▶ **SOURCE DATA**
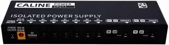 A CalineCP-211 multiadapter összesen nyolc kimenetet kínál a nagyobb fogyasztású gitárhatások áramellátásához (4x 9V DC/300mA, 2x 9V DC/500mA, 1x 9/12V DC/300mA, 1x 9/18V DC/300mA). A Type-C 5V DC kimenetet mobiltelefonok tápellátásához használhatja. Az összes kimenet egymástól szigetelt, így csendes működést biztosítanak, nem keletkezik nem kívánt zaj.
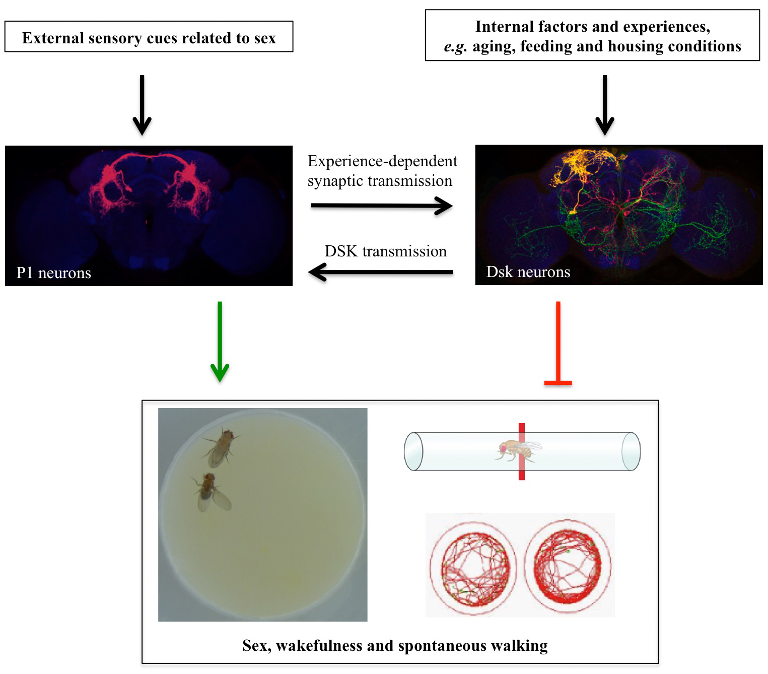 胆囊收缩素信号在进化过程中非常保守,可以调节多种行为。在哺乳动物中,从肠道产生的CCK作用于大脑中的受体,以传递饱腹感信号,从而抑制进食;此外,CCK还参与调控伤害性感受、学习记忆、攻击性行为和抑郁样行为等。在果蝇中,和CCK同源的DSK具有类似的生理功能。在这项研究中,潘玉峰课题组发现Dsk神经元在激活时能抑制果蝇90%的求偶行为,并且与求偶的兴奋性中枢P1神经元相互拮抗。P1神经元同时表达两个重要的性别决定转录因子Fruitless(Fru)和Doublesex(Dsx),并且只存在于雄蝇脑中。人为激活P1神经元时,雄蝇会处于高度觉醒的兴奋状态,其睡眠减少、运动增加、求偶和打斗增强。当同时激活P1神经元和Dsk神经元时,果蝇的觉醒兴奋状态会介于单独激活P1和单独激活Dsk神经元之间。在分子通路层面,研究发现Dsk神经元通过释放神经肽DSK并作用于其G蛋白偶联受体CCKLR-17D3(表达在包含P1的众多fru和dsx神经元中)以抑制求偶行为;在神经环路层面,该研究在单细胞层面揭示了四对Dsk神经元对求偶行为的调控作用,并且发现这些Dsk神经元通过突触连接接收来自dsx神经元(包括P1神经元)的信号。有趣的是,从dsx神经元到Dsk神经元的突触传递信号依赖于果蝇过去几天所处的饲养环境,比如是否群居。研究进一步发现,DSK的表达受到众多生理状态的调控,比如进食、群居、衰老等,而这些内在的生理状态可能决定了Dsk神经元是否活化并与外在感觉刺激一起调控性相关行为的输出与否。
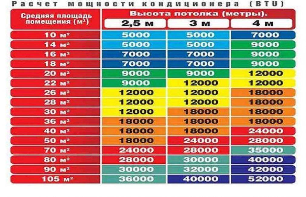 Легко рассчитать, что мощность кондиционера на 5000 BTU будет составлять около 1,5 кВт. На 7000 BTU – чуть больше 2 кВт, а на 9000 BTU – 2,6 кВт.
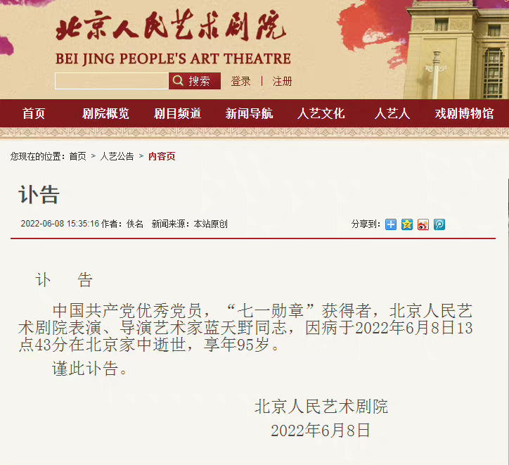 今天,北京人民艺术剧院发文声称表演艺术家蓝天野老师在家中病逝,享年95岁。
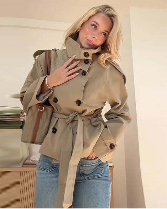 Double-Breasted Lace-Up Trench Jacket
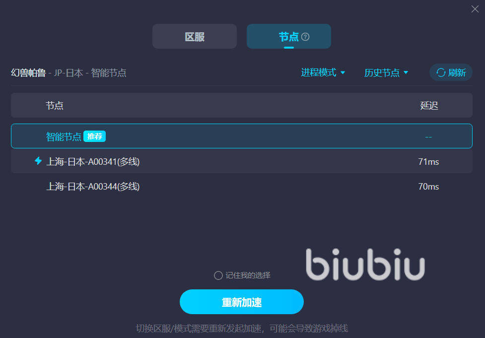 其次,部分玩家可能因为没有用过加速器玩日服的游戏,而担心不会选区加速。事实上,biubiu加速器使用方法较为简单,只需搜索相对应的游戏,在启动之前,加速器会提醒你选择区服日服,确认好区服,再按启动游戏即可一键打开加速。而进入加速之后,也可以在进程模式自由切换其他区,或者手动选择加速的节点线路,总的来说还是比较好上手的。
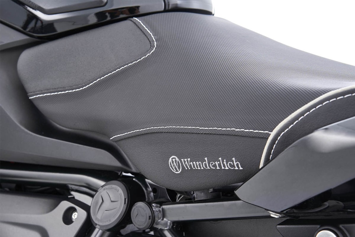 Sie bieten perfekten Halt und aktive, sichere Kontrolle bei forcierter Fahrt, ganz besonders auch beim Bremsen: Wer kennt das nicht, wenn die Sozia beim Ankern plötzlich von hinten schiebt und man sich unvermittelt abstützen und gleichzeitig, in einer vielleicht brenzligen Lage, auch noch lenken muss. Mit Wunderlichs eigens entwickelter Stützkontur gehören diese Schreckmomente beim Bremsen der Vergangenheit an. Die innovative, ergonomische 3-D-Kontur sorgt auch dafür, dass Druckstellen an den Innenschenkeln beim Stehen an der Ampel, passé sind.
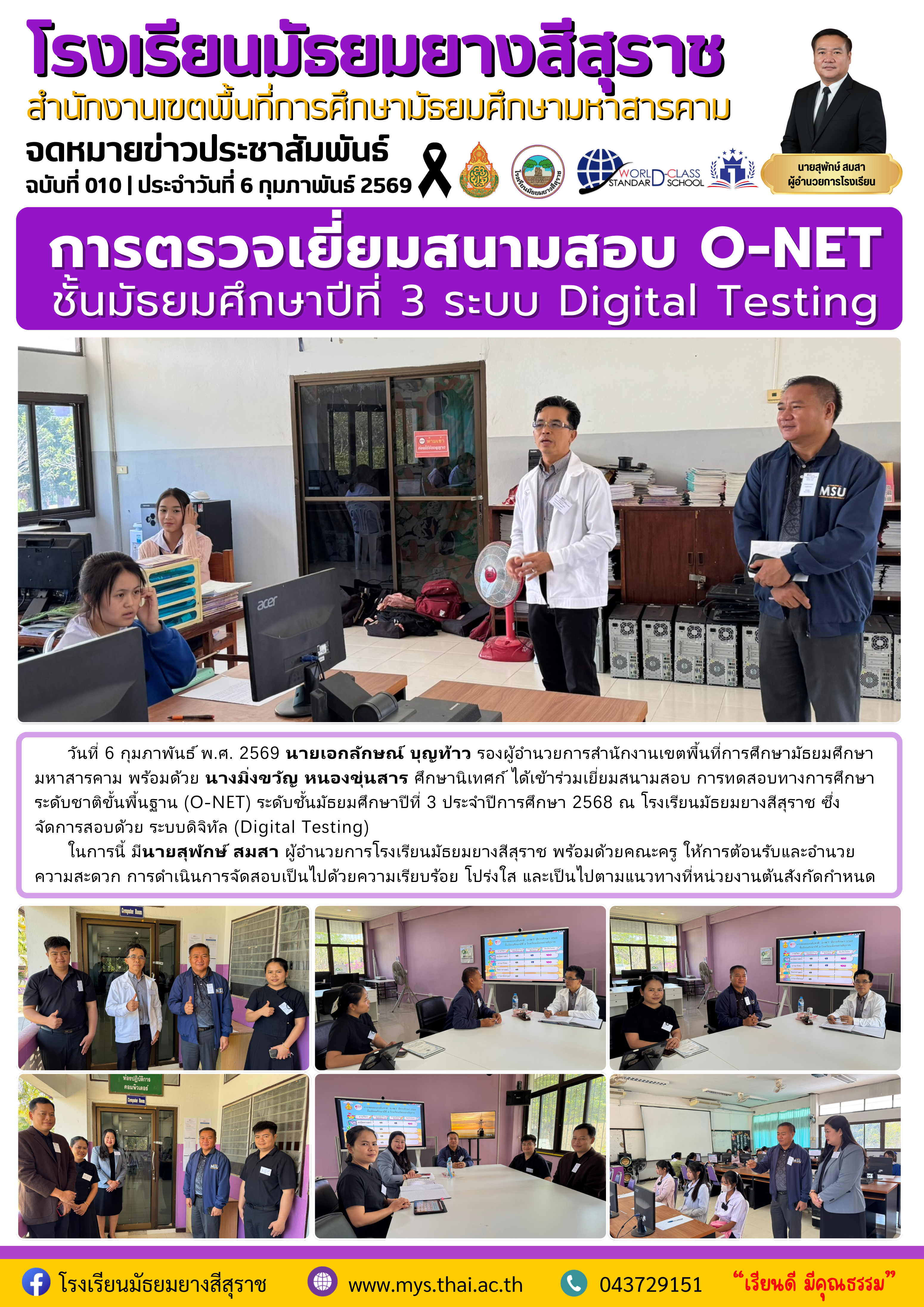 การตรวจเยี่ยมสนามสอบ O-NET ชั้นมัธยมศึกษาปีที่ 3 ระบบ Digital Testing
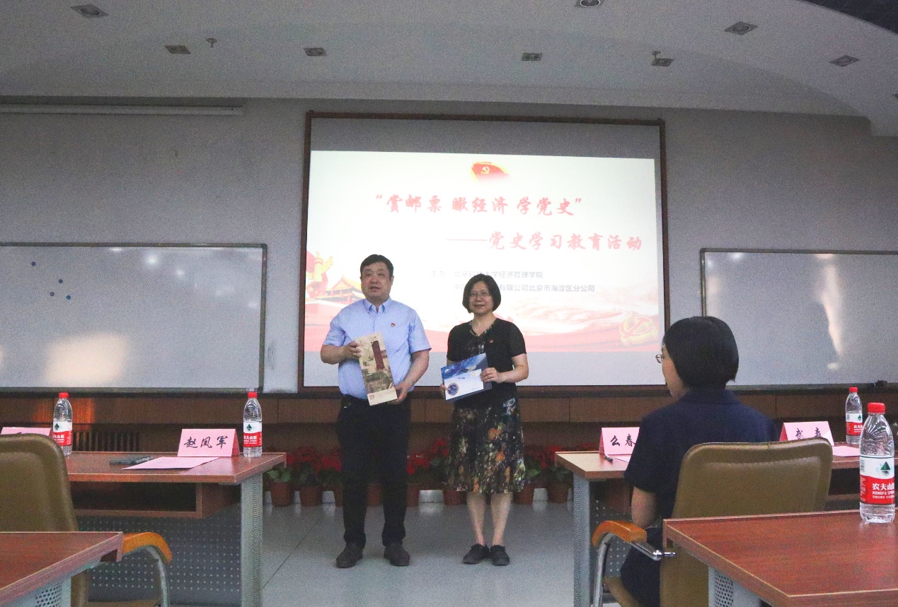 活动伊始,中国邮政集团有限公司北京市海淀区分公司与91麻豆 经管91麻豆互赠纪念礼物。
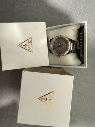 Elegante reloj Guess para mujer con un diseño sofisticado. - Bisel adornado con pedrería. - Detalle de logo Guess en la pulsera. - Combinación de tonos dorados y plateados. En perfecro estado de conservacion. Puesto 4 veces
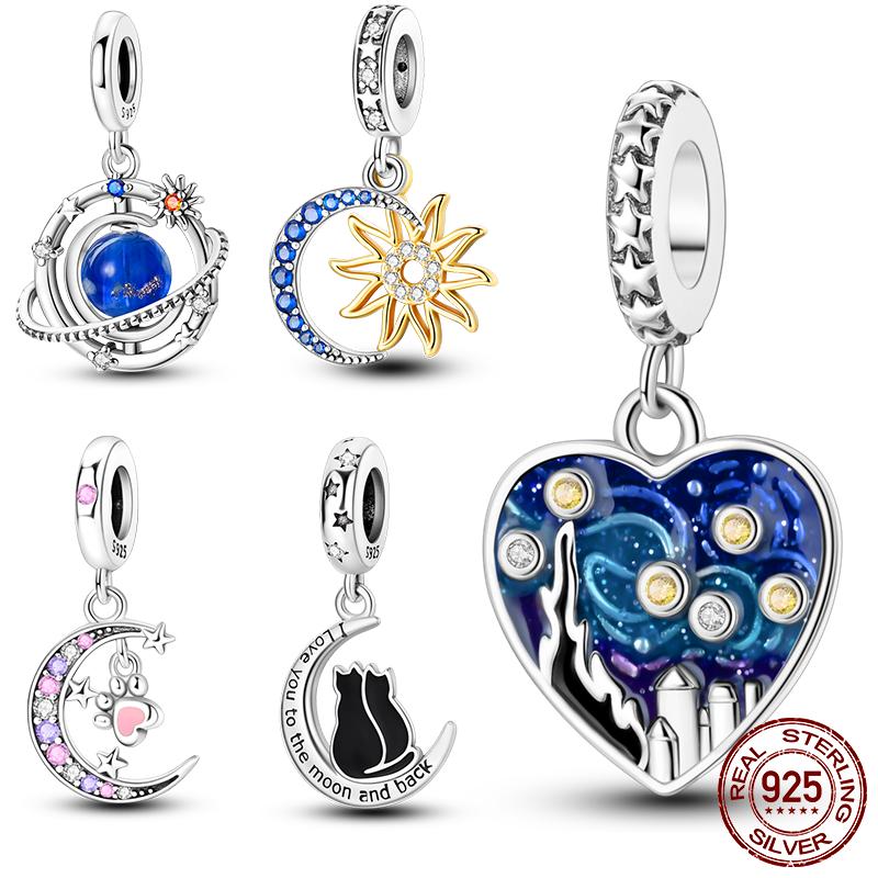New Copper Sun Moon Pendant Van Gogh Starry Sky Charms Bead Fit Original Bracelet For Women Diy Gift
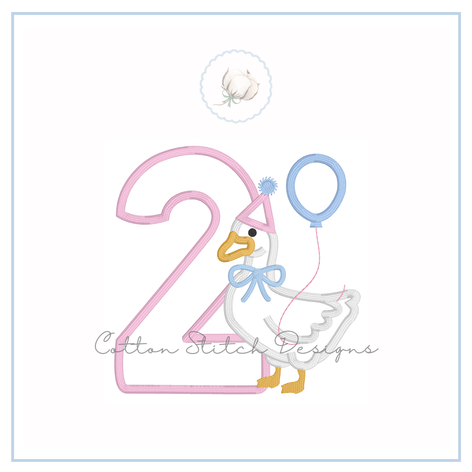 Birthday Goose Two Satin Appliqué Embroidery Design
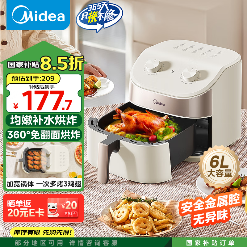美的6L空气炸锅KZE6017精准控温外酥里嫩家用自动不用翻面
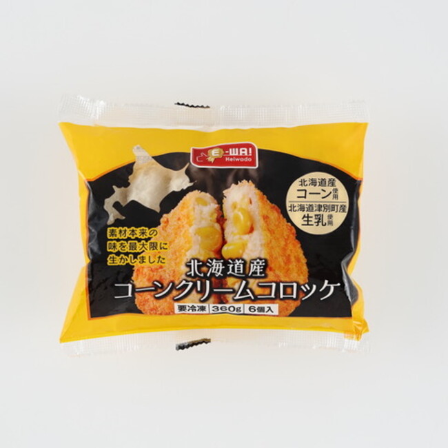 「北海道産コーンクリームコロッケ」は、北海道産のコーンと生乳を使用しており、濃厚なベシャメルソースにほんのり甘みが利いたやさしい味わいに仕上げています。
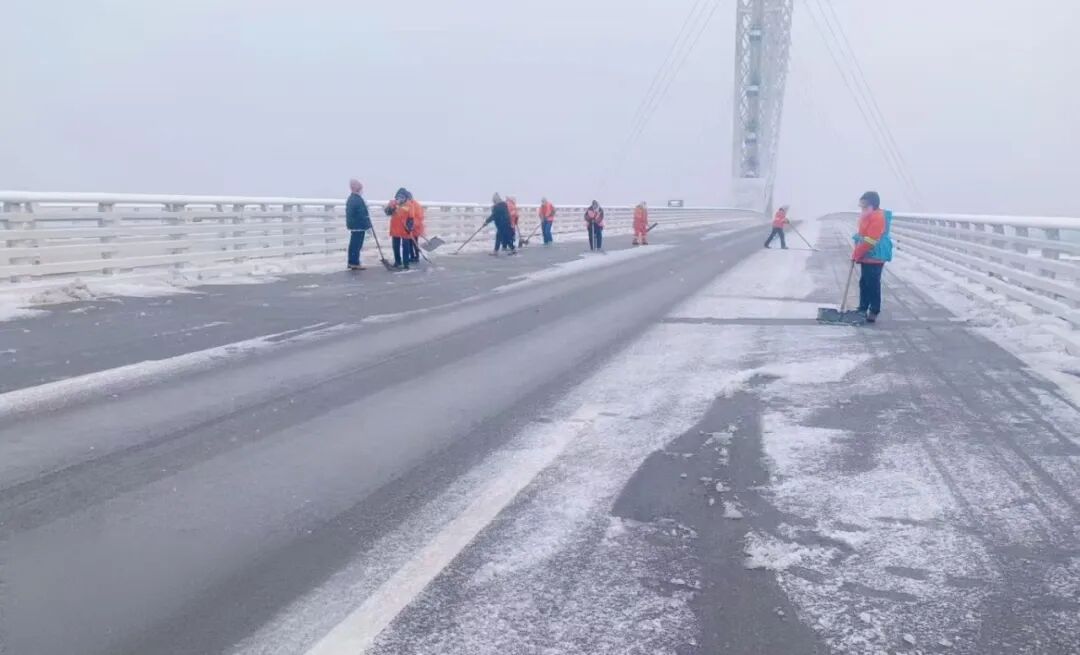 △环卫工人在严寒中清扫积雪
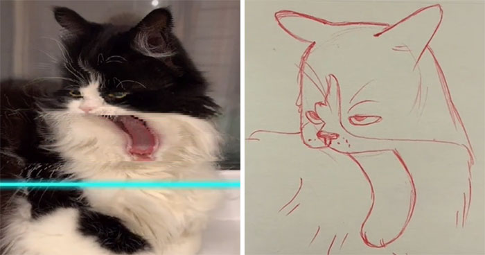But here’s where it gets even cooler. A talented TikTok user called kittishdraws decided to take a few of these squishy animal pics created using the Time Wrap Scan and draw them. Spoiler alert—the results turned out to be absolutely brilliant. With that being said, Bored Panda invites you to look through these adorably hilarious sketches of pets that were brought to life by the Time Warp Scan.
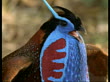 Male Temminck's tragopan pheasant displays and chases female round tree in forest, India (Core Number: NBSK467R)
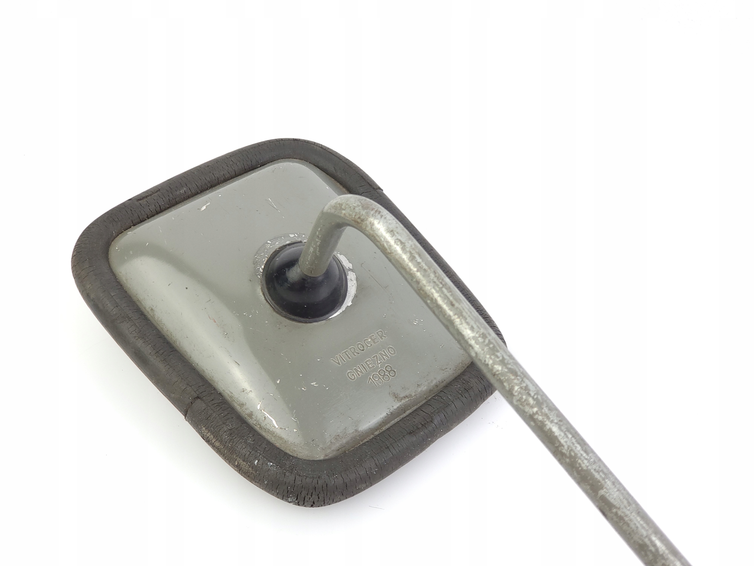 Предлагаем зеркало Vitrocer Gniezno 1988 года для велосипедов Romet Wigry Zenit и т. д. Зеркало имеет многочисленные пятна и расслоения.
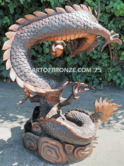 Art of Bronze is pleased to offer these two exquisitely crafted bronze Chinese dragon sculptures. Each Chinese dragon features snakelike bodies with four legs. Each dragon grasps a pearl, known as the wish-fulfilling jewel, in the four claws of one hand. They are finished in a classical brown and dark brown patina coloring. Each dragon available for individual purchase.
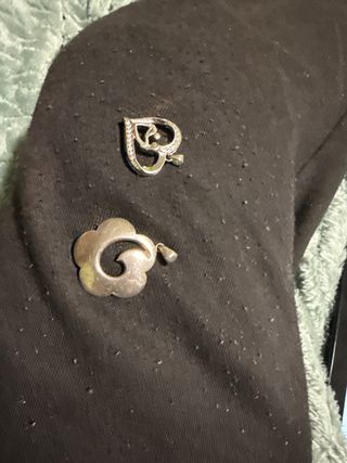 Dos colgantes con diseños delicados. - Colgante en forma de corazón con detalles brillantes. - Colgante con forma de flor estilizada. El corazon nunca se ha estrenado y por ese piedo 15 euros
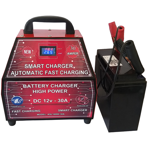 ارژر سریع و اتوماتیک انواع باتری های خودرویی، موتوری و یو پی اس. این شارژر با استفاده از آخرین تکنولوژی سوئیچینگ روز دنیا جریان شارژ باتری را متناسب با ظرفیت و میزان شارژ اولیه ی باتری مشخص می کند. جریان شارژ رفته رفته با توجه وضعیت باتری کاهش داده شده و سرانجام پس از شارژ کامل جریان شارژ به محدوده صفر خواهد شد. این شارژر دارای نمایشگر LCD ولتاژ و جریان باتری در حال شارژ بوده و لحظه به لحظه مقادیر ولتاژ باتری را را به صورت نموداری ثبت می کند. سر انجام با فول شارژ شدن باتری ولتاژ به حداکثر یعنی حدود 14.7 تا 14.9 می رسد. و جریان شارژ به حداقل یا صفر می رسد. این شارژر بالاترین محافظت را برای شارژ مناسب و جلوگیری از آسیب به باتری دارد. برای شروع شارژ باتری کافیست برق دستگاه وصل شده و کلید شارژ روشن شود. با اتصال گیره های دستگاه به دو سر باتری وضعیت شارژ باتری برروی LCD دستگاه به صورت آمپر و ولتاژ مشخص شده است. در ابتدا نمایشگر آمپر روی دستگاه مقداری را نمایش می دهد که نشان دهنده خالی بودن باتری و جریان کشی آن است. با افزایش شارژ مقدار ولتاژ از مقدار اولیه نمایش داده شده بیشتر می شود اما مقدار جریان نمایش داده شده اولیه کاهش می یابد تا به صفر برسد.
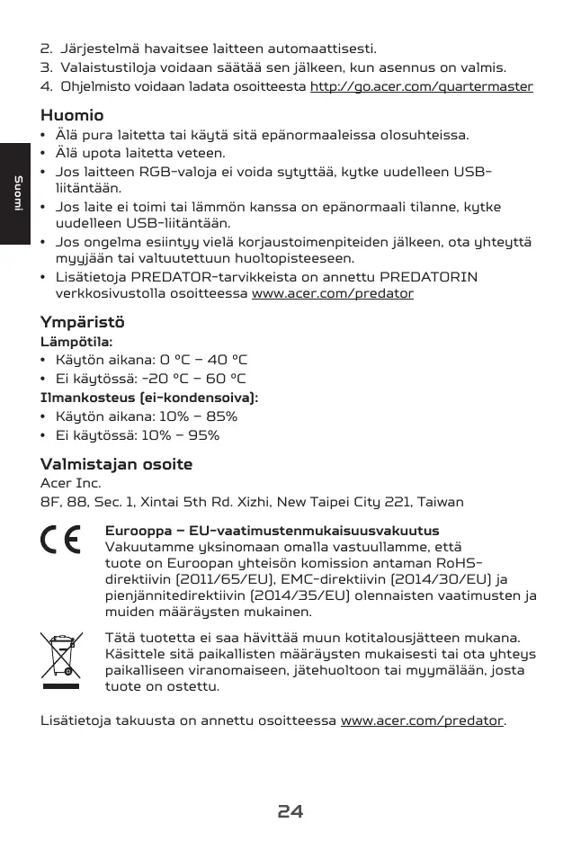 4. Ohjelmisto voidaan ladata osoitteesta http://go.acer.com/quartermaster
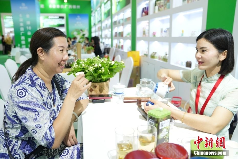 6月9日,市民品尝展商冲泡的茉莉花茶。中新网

▶ **EXERCISE AIM**
How would the lines above read from the one with "Male Temminck's tragopan" to the one with "Dos colgantes con", inclusive, with no pictures? Write them out exactly.

▶ **ANSWER BELOW**
 Male Temminck's tragopan pheasant displays and chases female round tree in forest, India (Core Number: NBSK467R)
 Предлагаем зеркало Vitrocer Gniezno 1988 года для велосипедов Romet Wigry Zenit и т. д. Зеркало имеет многочисленные пятна и расслоения.
 Art of Bronze is pleased to offer these two exquisitely crafted bronze Chinese dragon sculptures. Each Chinese dragon features snakelike bodies with four legs. Each dragon grasps a pearl, known as the wish-fulfilling jewel, in the four claws of one hand. They are finished in a classical brown and dark brown patina coloring. Each dragon available for individual purchase.
 Dos colgantes con diseños delicados. - Colgante en forma de corazón con detalles brillantes. - Colgante con forma de flor estilizada. El corazon nunca se ha estrenado y por ese piedo 15 euros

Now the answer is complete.